Indra juga menyatakan pencabutan izin tidak menghapus fakta bahwa investasi PT Agrilindo sebelumnya lahir melalui proses administrasi negara. Atas dasar itu, perusahaan mengajukan keberatan kepada KLHK, banding administratif kepada Presiden Republik Indonesia, serta gugatan ke Pengadilan Tata Usaha Negara (PTUN).

Namun, di tengah proses tersebut, Bowie dilaporkan ke kepolisian dan ditetapkan sebagai tersangka dalam perkara kehutanan. Kuasa hukum menyebut Bowie tidak pernah dimintai keterangan sejak tahap penyelidikan hingga berkas perkara dinyatakan lengkap.

“PT Agrilindo sudah berinvestasi secara sah, membangun sarana dan prasarana, tidak pernah menyewakan lahan, maupun memperoleh keuntungan. Namun, setelah izin dicabut, perusahaan justru dilaporkan ke polisi,” ujar Indra.

Kuasa hukum terdakwa juga menyatakan penuntut umum tidak berhasil membuktikan dakwaan pertama maupun dakwaan kedua. Penilaian tersebut merupakan bagian dari argumentasi pembelaan yang disampaikan dalam duplik di persidangan.
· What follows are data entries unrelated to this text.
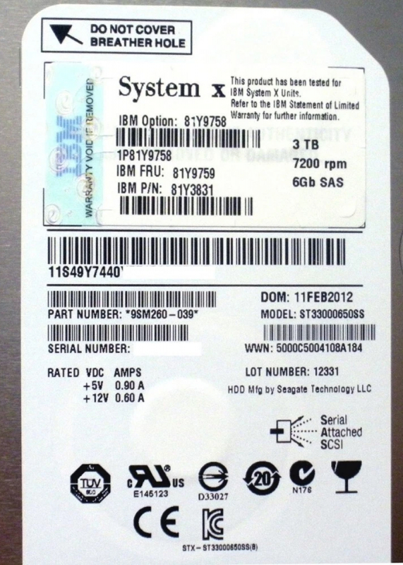 Жесткий диск IBM 81Y3831 3Tb SAS 3,5" HDD
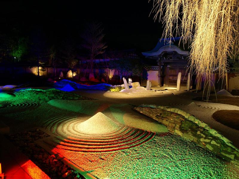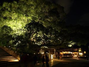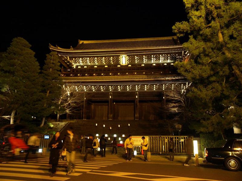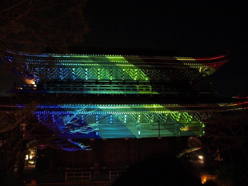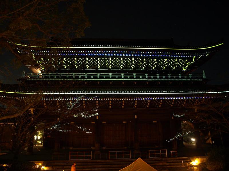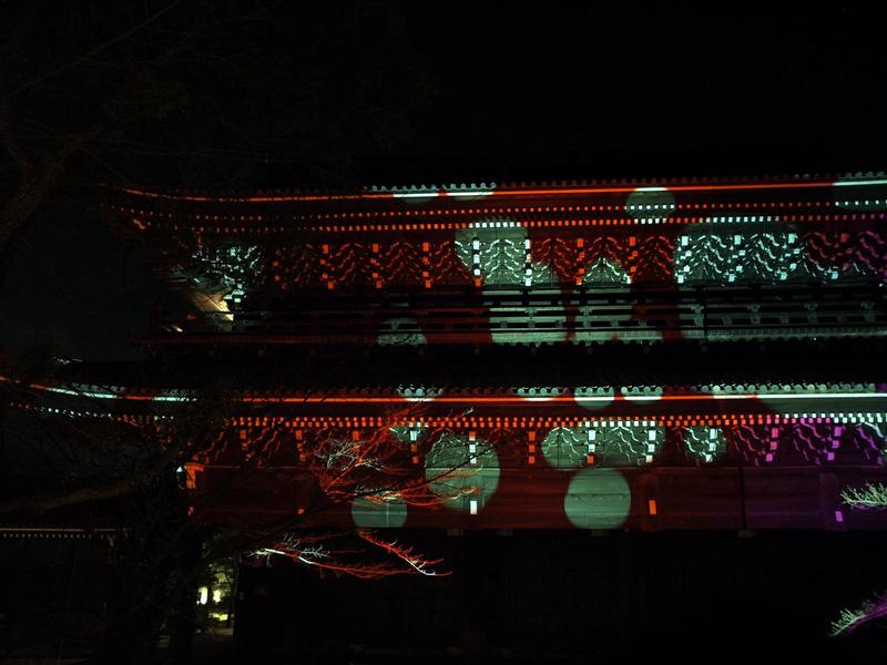花灯路の10周年記念事業の一つとしてやっていたのが、知恩院三門の「幻想の灯り」というイベント。この三門の形状にあわせてプログラミングした映像を投影しているようで、個々の部材の断面が異なる色に光っているように魅せる演出などがあったり、逆に水面の波紋のような映像を当てることで、そこに存在している三門がふわふわと動いているように見えるなど、非常に面白いものでした。10分強くらいだったと思うのですが時間を忘れて思わず引き込まれる演出でした。
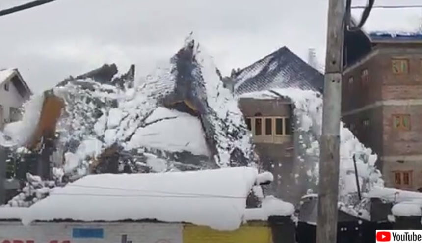 この画像を大きなサイズで見るインド北部カシミール地方にあるシュリーナガルでの出来事だ。寒波の影響で大雪が降った後、3階建ての住宅の屋根が雪の重さに耐えられず、崩壊するというアクシデントが発生した。
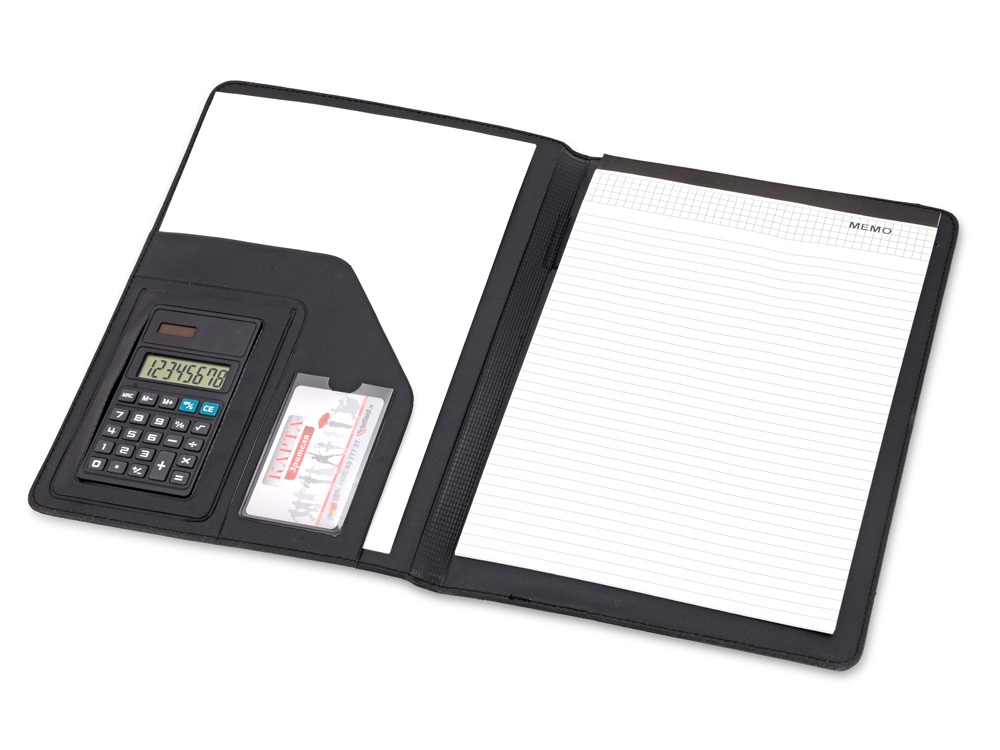 Папка для документов с блокнотом и калькулятором «Триест» прекрасно подходит для повседневного использования, может быть отличным промо-сувениром во время конференций и презентаций. В папку входят калькулятор, блок для записей. Есть отделения для хранения ручки и визитки, а также большое отделение для документов.
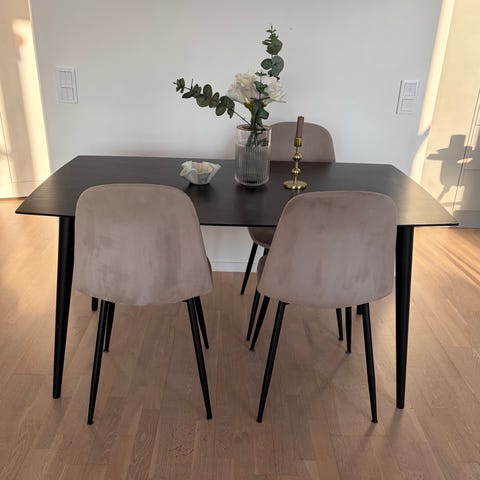 Säljer ett stilrent matbord och köksstolar i färgen valnöt mörkbrunt beige grå med assymetrisk bordsskiva i MDF som ser ut som sten. Ett skandinaviskt matbord som passar perfekt både till vardag och middagar med gäster. Sitsen är beigegrå.
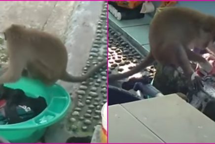 Según se puede ver en la grabación que se volvió viral en las redes sociales, el tierno mono aprovechó que la mujer no estaba y se sentó a un lado del recipiente para comenzar a estregar las prendas de ropa una y otra vez.
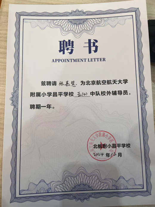 她作為北航附小昌平學(xué)校的校外輔導(dǎo)員,積極參與“大手拉小手”科普活動(dòng),為同學(xué)們帶來(lái)航空航天專題講座與互動(dòng)答疑,在交流中傳達(dá)精神,在科普中埋下向往。在一次次教學(xué)中,成為時(shí)空的擺渡人,將前輩的星辰大海,渡向下一代的夢(mèng)里心間。
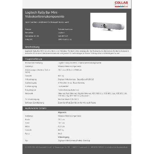 Jetzt anmeldenProduktinformationen "Logitech Rally Bar Mini - Videokonferenzkomponente"
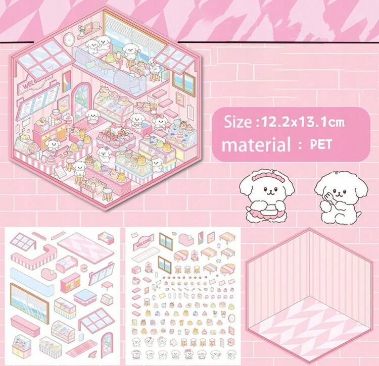 Почніть розваги з 3D -наклейок. Кожна одиночна упаковка складається з однієї картонної кімнати (шестистороння форма), плюс один великий аркуш наклейок з елементами обладнання, тобто меблів, килимів, полиць та іншого великого аркуша з персонажами - це прекрасні солодкі тварини.
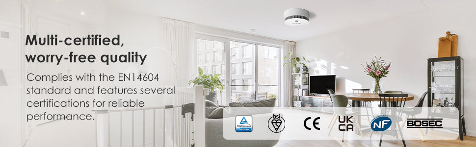 NF Certification (Norme Française) is a French quality mark issued by AFNOR. For smoke detectors, it guarantees that the device has been tested by an independent body and complies with the strictest French and European safety and performance standards (going beyond the basic CE mark). It is a sign of superior reliability and durability.

Selain itu, Indra mengutip keterangan Direktur Pengelolaan Pertanahan BP Batam yang menjadi saksi dalam persidangan pada 3 Maret 2026. Menurut dia, saksi menyatakan BP Batam tidak mengalami kerugian keuangan, melainkan hanya kerugian waktu.

Kuasa hukum berpendapat kerugian waktu tersebut merupakan konsekuensi belum selesainya kewajiban BP Batam menuntaskan hak pihak ketiga, dalam hal ini PT Agrilindo Estate. Pendapat tersebut merujuk pada Surat Keputusan Menteri Lingkungan Hidup dan Kehutanan Nomor 785 Tahun 2023 serta Nomor 643 Tahun 2024.

Menutup dupliknya, terdakwa dan penasihat hukum memohon majelis hakim menyatakan dakwaan kedua tidak terbukti secara sah dan meyakinkan. Mereka juga meminta terdakwa dibebaskan dari seluruh dakwaan atau dilepaskan dari segala tuntutan hukum karena perbuatan yang didakwakan dinilai bukan tindak pidana.

“Kami memohon majelis memulihkan hak terdakwa dalam kemampuan, kedudukan, harkat, dan martabatnya serta menjatuhkan putusan yang seadil-adilnya,” tutup Indra.